Yup,and I assumed he meant in your local area,and here cattail grows around most bodies of water,and since some parts of the cattail are pretty startchy,it's a good way to get some quick energy without expending much more if you see it.

----------


## wareagle69

well keep in mind he is new and we no nothing about age and experience, by his first post that is the way i answered, now his second post tells me that if i am out foraging what is my first picked food, my answer to that is what ever is around, i'm not going to pass up one thing to try and find another

----------


## wareagle69

he also said 400 meters from shore in any direction thats at least 800meters wide then thats open water and allot of swimming

----------


## crashdive123

Wellllllll, he really didn't say it was 4:30 and close to dark, but rather 


> You make it onto the shore and rest for a bit.

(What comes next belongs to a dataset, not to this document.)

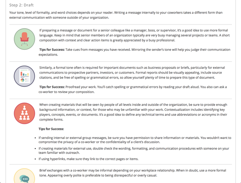 Worked with graphic designer to produce visuals for a professional development course. Created layout for page and used HTML to build it.

It will take you 1/2 a day to walk to your rescue but it is already 4:30 and you dont want to walk through the dark.


  So if it takes half a day to walk to your rescue, then it could be getting dark and 9:00, which would be during the summer.

----------


## Tracker

> Again, another scenario with limited information.
> What time of the year?
> 
> Is it cold, below 32 F?
> 
> Are you duck hunting in the cold, if so, you will die.  Is it summer and hot, spring and cool, is the water cold enough to cause hypothermia? I dont duck hunt on a lake 
> 
> If you are freezing cold and wet, and already suffering from hypothermia, try to make a fire Already said that 
> Do you have life preservers? They are mandatory  
> ...


I answered all the Questions in red  without any additional info being added.

----------


## klkak

I would probably take my clothes off and wring them out then put them back on. Rest for a bit, then start walking.  After all its a lake, if I follow the shore I can't get lost in the dark.  The walking will increase my body heat drying my clothes.  I'm just not one to sit around waiting for a rescue that might come if I can get myself out.  *Food would be the last thing on my mind!*

----------


## FVR

The try to make a fire comment was scarcastic.  Have you ever tried to make a fire while wet, cold, and shivering.  Hands don't work all that well.

Well, assuming that I made it to shore and I was not yet nekked, take off all my clothes and wrap myself in my wool blanky.  My wet wool blanket will keep me warm.  At that point, I guess I will start hoofing it until I can get a bar or..................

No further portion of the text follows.